Globalization of Baseball

Last year, the Oakland A's and Seattle Mariners were supposed to play a short series of baseball games in Japan to kick off the new season. Because of the Iraq war, however, baseball officials decided to cancel those games.

At the time, I thought it was unnecessary. Iraq had no weapons that could reach Japan and had no allies. The risk of a terrorist strike against a Japanese target seemed pretty low, especially since Iraq and al Qaida are completely separate entities. Granted, I thought jihadists might be angered by the US launching war in the middle east, but it seemed very unlikely that they would pick these events for a terror strike. There wouldn't have been much time to plan, for example.

In any case, baseball decided to be safe.


This year, baseball is beginning its season next Tuesday, with a short series in Japan between the New York Yankees and Tampa Bay Devil Rays. Each team will prepare for these games that count in the AL East standings by first playing a couple of exhibition games against Japanese teams.

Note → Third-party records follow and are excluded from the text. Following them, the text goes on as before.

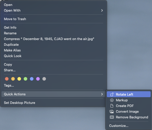 Thanks for the "vintage" screenshot. :-) BTW, rotating an image back and forth (press option) using a Finder Quick Action might also work: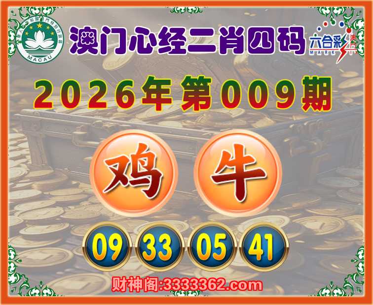 009期:【澳门心经】 🌳二肖四码🌳【鸡牛】【09.33.05.41】开:00准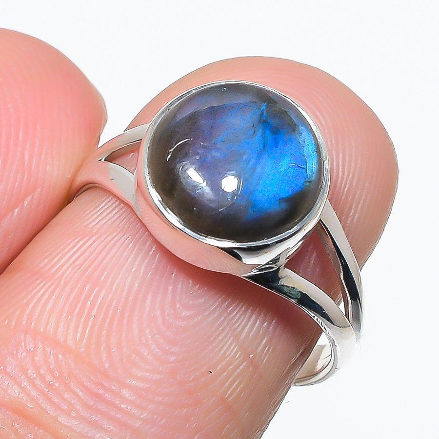 Ювелирное кольцо из натурального лабрадорита ручной работы из цельного серебра 925 пробы, размер 7 P3C74

So, instead of seeing the return of Ichiro, Japanese fans get the return of Matsui.

It would be great if Matsui does well, but I've got to root for the Devil Rays in these games. Who wants to see the Yankees succeed all the time? Not me.

They are the evil empire, after all.

Someday, I'm going to do some halfway serious work on the globalization of baseball. Major League Baseball is obviously trying hard to globalize its fan base -- and labor pool. The marketing effort may already be paying off.

Last year's World Series achieved higher ratings in Japan that it did in the US. And MLB has sold the Japanese TV rights to the next 6 baseball seasons for $275 million. That is up about 15 times the prior agreement!